Code, § 702.) Mr. Ivemeyer’s declaration contains many statements of fact without any showing or foundation of his personal knowledge of those facts. These include representations that plaintiff was given a property tour when he was admitted, and again when he was transferred to the treatment facility, where he was told where the treatment center’s property lines begin and end. He states that plaintiff was informed that walking off property is disallowed, and that plaintiff was told to not walk off property. (See Ivemeyer Decl., ¶¶ 5-7, 9.)
However, there is no indication in the declaration that Mr. Ivemeyer has personal knowledge of any of these facts.

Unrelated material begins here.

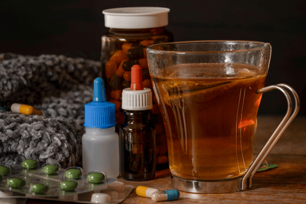 Bei einer Erkältung bekämpft das körpereigene Abwehrsystem die Erreger. Durch ausreichend Flüssigkeitszufuhr und körperliche Schonung kann man das Immunsystem unterstützen. Medikamente können nichts gegen die Erkältungsviren ausrichten, sie können lediglich die Symptome abschwächen. Das gilt auch für Antibiotika, die nur bei Bakterien wirken, nicht aber bei Erkältungsviren. Es gibt also kein Mittel, um den Krankheitsverlauf abzukürzen. Ausgeprägte Erkältungsbeschwerden lassen sich aber mit verschiedenen Haus- oder Arzneimitteln lindern. Die Behandlung richtet sich dabei nach den Beschwerden. Bei Kopfschmerzen oder Fieber können Schmerzmittel wie Ibuprofen verwendet werden. Abschwellende Nasensprays sorgen für Linderung bei verstopfter Nase. Sie sollten aber nicht länger als eine Woche angewendet werden. Festsitzender Husten lässt sich gut mit frei verkäuflichen Schleimlösern aus der Apotheke zu Leibe rücken. Wichtig ist hierbei, ausreichend zu trinken. Hustenstiller dagegen sollten nur vorsichtig eingesetzt werden, da man damit das sinnvolle Abhusten des erregerhaltigen Schleims behindert. Wer stark unter trockenem Reizhusten leidet oder nachts vor lauter Husten nicht schlafen kann, kann für kurze Zeit auf diese Stiller zurückgreifen. Gegen Halsschmerzen helfen Kräuter-Lutschpastillen sowie schmerzlindernde Lutschtabletten aus der Apotheke mit lokal betäubenden Wirkstoffen wie Lidocain, Ambroxol oder Benzocain.
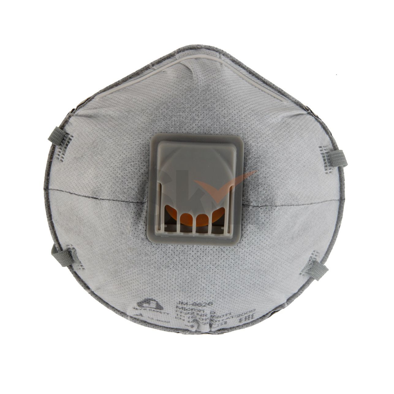 JETA SAFETY JM-8626 Micron — одноразовый противоаэрозольный чашеобразный респиратор с угольным слоем и клапаном. Защищает органы дыхания от неприятных запахов, пылевых частиц при резке стекла, бетона, железа, дерева, при работе со штукатуркой, стеклянным и минеральным волокном, а также эффективно защищает при выполнении строительных и сварочных работ. Препятствует проникновению пыльцы, частиц шерсти, бытовой пыли, угольной пыли, аэрозольных частиц жидкостей. Используется в сфере промышленного клининга, строительства, c/х, добычи полезных ископаемых. Класс защиты FFP2 NR D (ГОСТ Р 12.4.191-99 ССБТ).

Mr. Ivemeyer also states that the location where plaintiff fell is not owned, leased, controlled, owned or maintained by defendant. Plaintiff elected to walk off defendant’s property onto a fire road owned, maintained, operated and controlled by defendant’s landlord. (See Ivemeyer Decl., ¶ 10, 11, 13.) Again, Mr. Ivemeyer fails to lay a foundation to claim as much, or establish any personal knowledge of any of these facts. The court therefore intends to sustain plaintiff’s objection numbers 1-3 (and overrule the other objections), which eliminates evidence that plaintiff was given a tour and told where the property lines were and that the fire road was restricted; that the fall occurred on land owned, controlled, maintained, and/or operated by the landlord and not defendant; and that plaintiff elected to walk off the property and acted of his own volition walking in a non-permissible area.

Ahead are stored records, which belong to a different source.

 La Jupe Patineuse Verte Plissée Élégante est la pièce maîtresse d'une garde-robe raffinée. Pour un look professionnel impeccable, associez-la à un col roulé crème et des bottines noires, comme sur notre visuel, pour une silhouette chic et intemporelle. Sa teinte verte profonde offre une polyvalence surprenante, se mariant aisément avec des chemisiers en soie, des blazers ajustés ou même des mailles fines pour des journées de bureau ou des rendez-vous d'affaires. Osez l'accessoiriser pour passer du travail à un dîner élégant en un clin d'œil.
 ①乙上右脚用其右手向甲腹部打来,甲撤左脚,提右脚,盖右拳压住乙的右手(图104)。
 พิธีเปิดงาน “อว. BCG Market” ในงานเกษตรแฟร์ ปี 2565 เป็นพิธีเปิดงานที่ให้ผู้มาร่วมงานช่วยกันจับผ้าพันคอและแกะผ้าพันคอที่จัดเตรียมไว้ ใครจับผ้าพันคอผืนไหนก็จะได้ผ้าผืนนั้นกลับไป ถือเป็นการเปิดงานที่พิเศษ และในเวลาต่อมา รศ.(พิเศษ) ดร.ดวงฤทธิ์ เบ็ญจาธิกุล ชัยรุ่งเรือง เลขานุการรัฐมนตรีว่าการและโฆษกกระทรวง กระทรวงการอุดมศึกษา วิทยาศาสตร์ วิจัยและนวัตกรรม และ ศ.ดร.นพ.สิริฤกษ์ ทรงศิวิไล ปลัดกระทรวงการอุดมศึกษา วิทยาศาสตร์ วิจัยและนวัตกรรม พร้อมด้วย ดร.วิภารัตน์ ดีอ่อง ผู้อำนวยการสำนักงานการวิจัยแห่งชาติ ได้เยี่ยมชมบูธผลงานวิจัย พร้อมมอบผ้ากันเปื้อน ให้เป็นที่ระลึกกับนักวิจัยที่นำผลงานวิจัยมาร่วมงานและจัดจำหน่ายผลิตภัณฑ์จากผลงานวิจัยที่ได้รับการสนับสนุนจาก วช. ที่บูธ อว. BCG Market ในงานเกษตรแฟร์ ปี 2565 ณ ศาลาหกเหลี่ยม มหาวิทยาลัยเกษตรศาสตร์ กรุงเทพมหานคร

The final basis for the motion is the Release and Waiver of Liability document signed by plaintiff on October 31, 2023, providing that plaintiff “knowingly, freely, and voluntarily ... agree[d] to release, waive, discharge, and covenant not to sue First Steps Recovery... directly or indirectly in connection with, or arising out of participation in the activities described herein, whether caused in whole or in party by the negligence of First Steps Recovery, or otherwise.” The waiver provides that plaintiff “... has voluntarily consented to participate in voluntary sports activities or voluntary physical activities such as yoga, basketball, hiking, watersports, equestrian and other such type of voluntary sports or physical activities, which may not be specifically identified herein, while being a client at such facility.”
Defendant contends that walking is a physical activity, and therefore plaintiff agreed to hold defendant harmless for negligence related to walking.

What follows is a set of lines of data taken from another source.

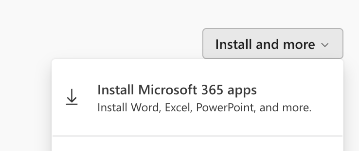 - When your logged in into Office 365, click on Install and more and then Install Microsoft 365 apps.
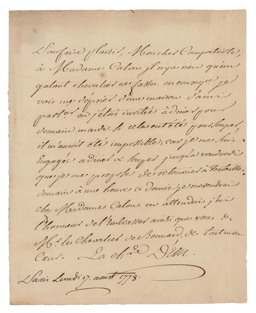 French diplomat, spy and soldier (1728-1810) whose first 49 years were spent as a man, and whose last 33 years were spent as a woman. Rare ALS in French, signed with the feminine form of the name, “La Chre D’Eon,” one page, 7.25 x 9, August 17, 1778. An untranslated and neatly penned handwritten letter from d'Éon. In fine condition, with a short tear to the left edge.
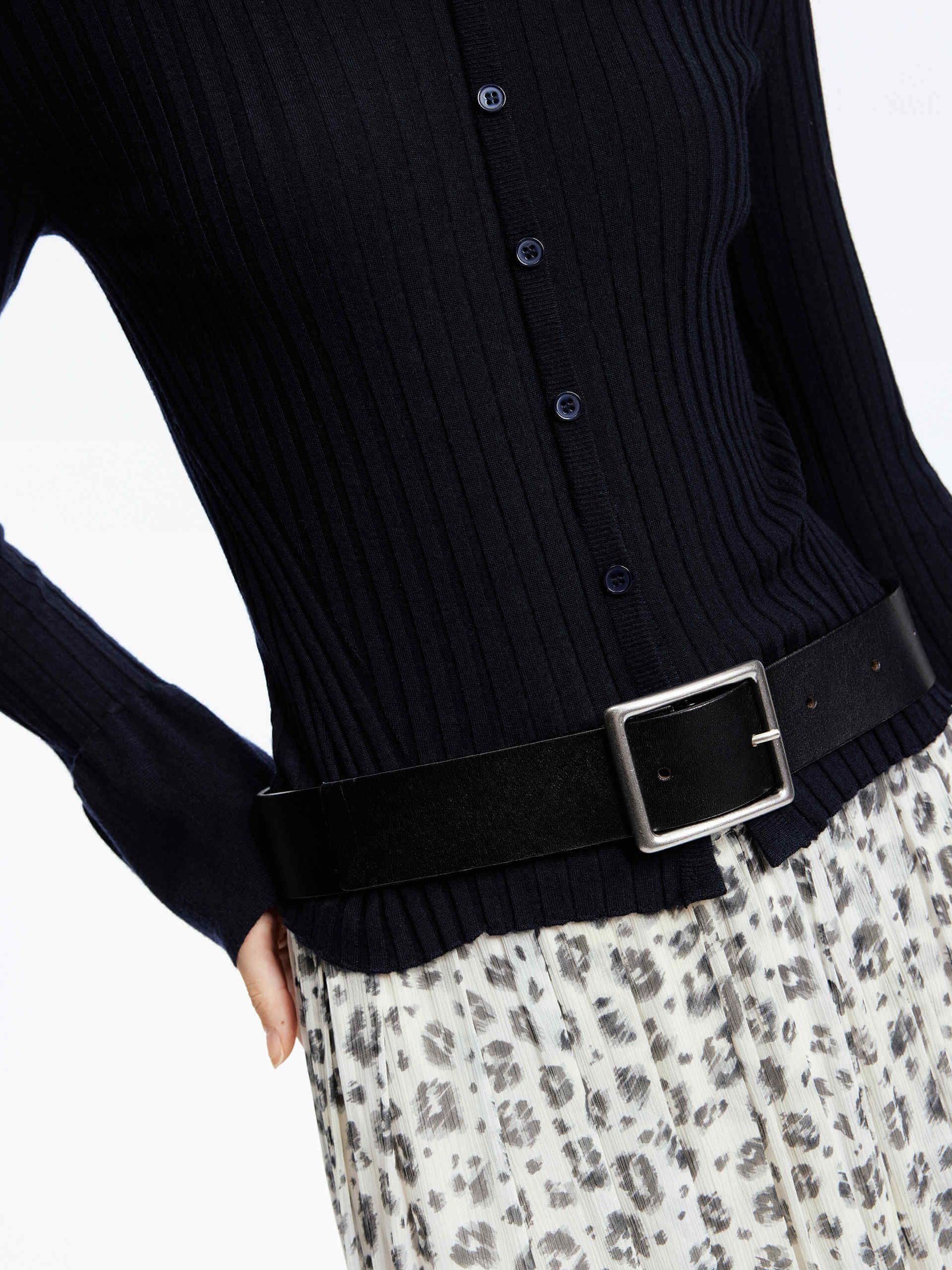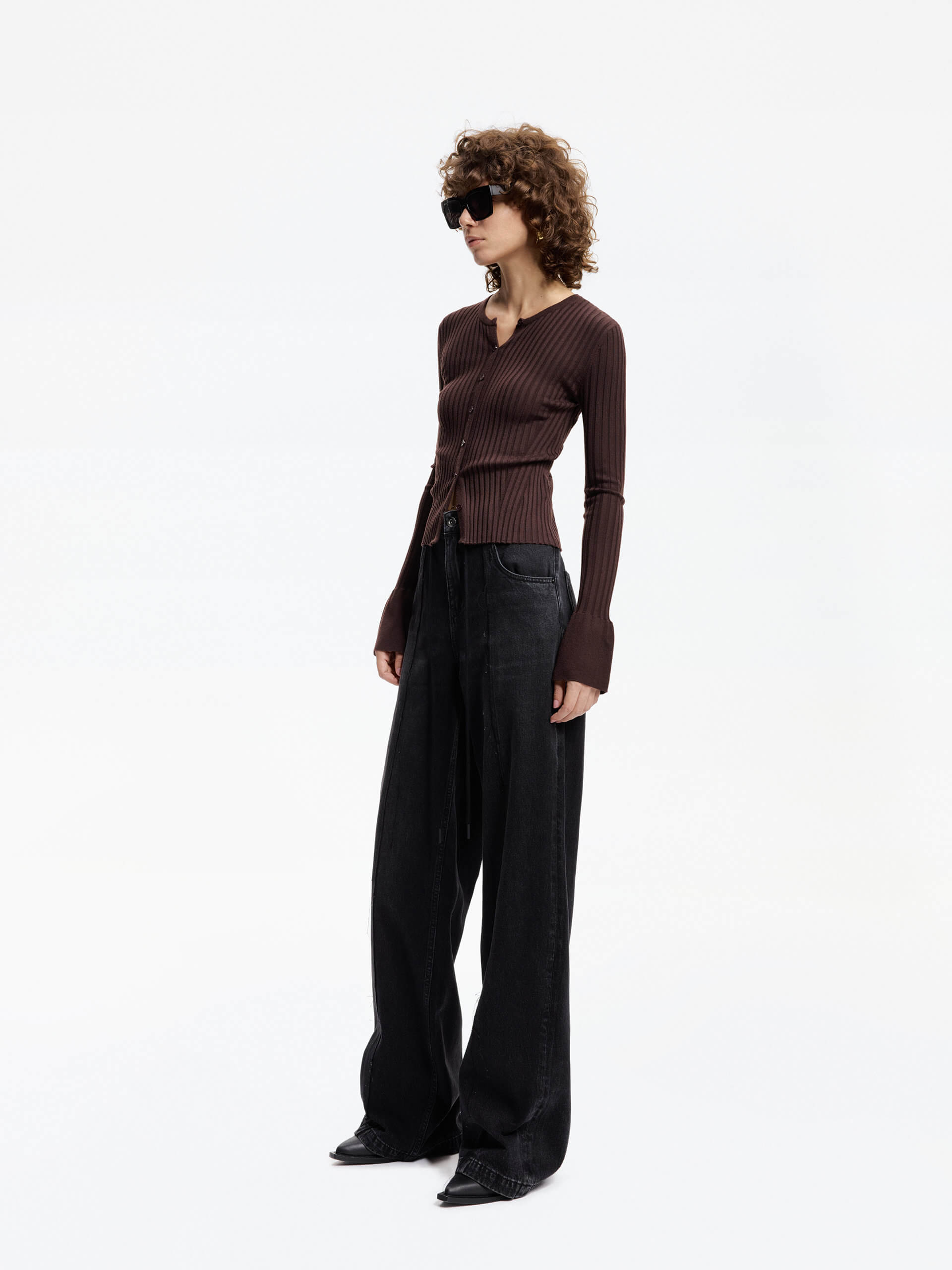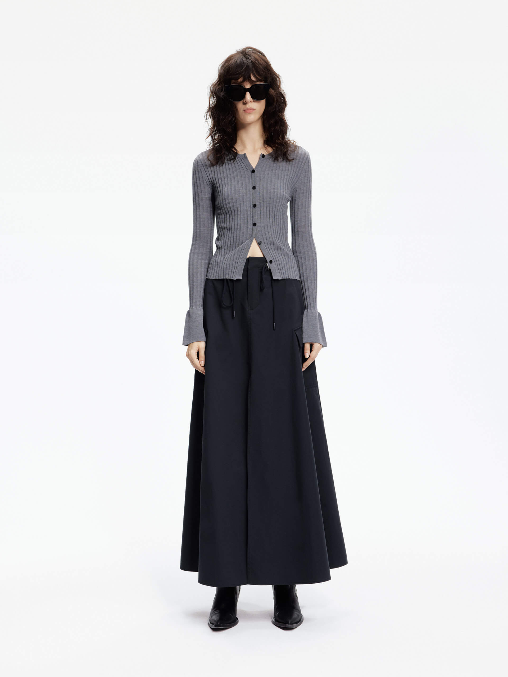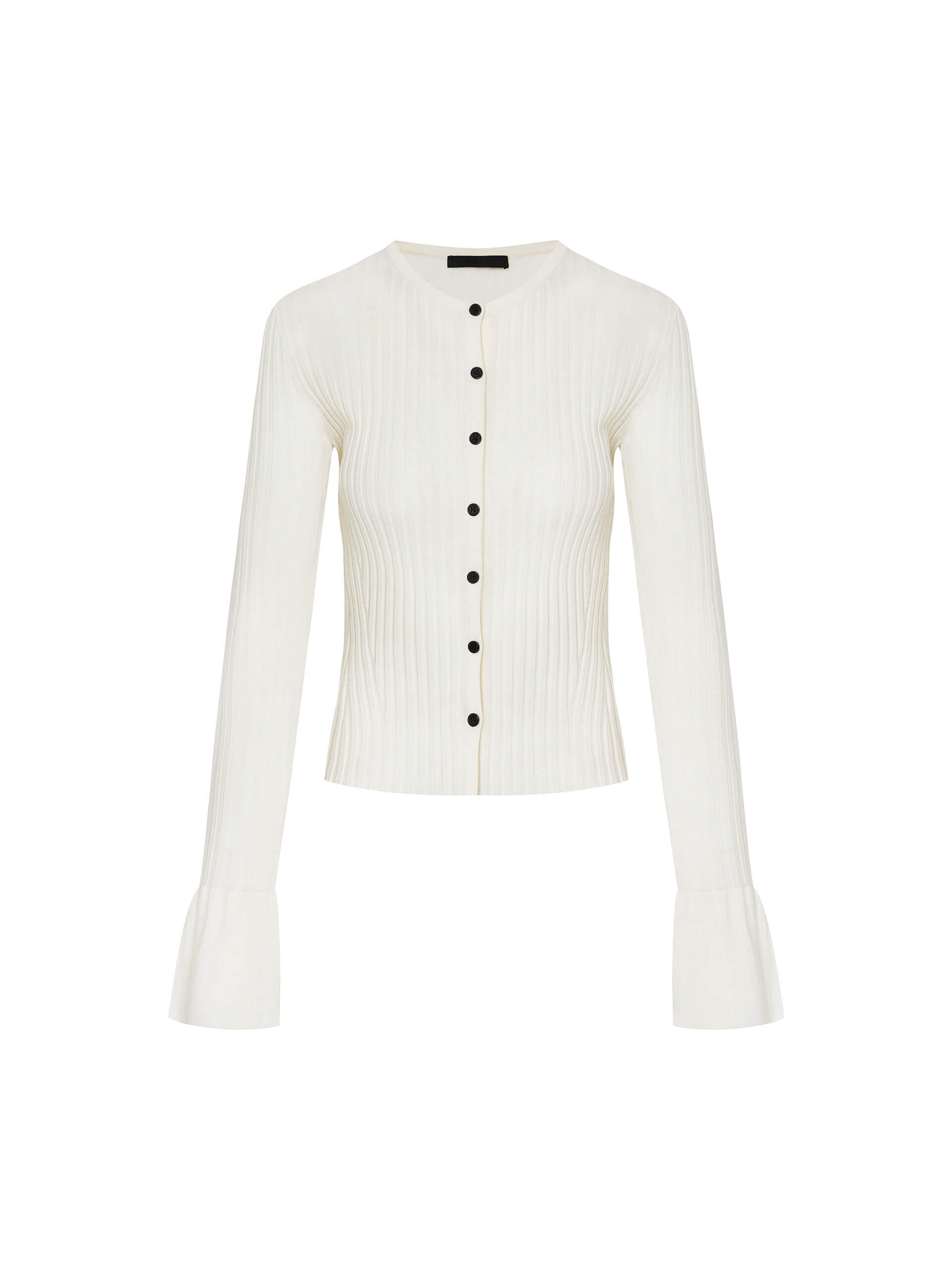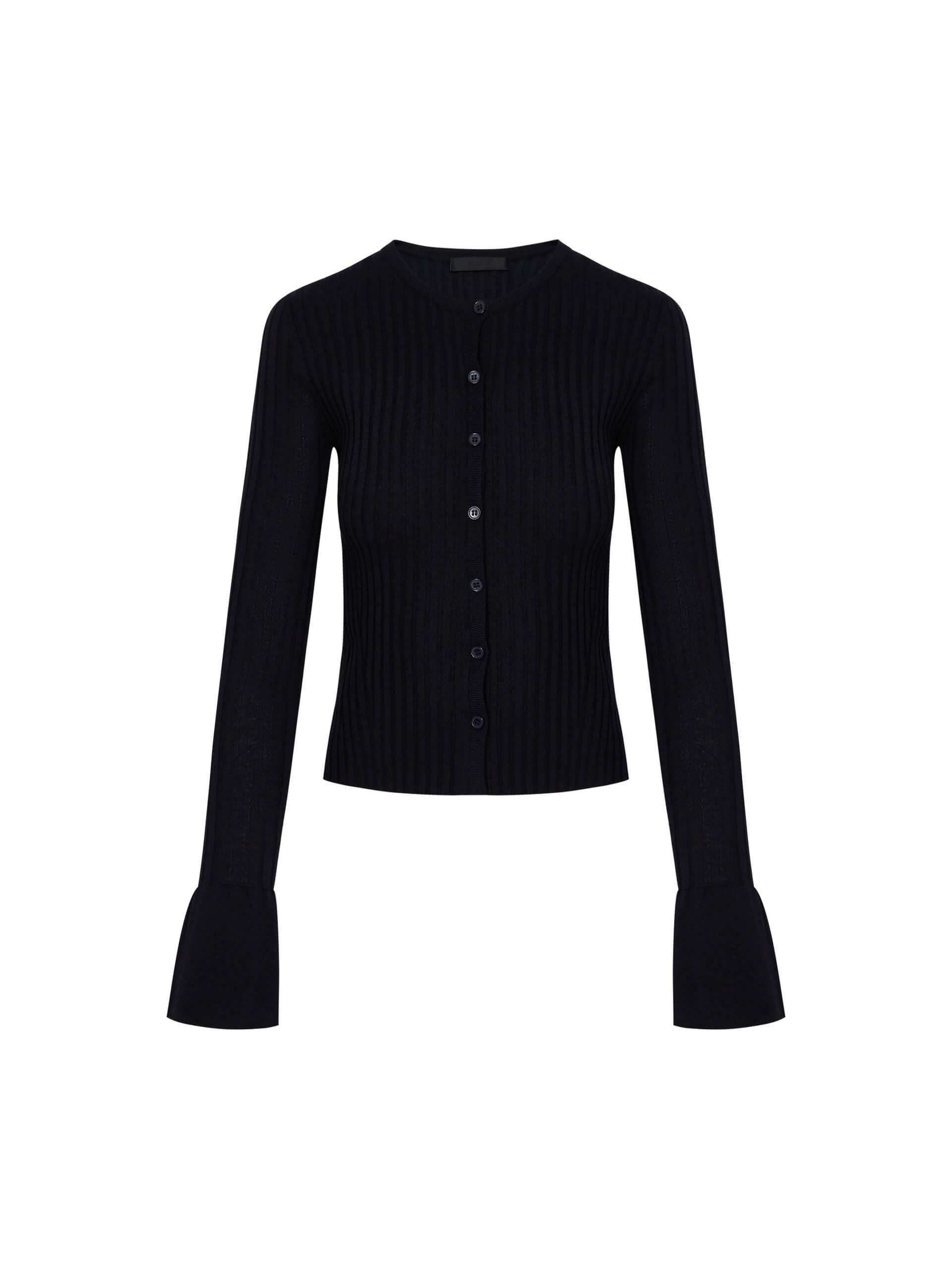Indulge in the luxurious comfort of our sweater, crafted from pure, soft wool. Its slimming ribbed design features a round neckline, delicate trumpet cuffs, and decorative buttons. Available in multiple colors to suit your style.

However, defendant produces no authority to the effect that an activities waiver, which presumably is intended to cover activities sponsored or put on by defendant, would apply to preclude a premises liability claim based on dangerous condition of property, or the claim based on failure of medical staff to monitor a patient designated by as a high fall risk. Plaintiff does not allege or contend that walking was dangerous in the ordinary recreational sense, such as parachuting (see Hulsey v. Elsinore Parachute Center (1985) 168 Cal.App.3d 333, 339–345). Defendant fails to show that the release clearly applies to the claims alleged herein. Accordingly, the court intends to deny the motion.
Pursuant to California Rules of Court, rule 3.1312(a), and Code of Civil Procedure section 1019.5, subdivision (a), no further written order is necessary. The minute order adopting this tentative ruling will serve as the order of the court and service by the clerk will constitute notice of the order.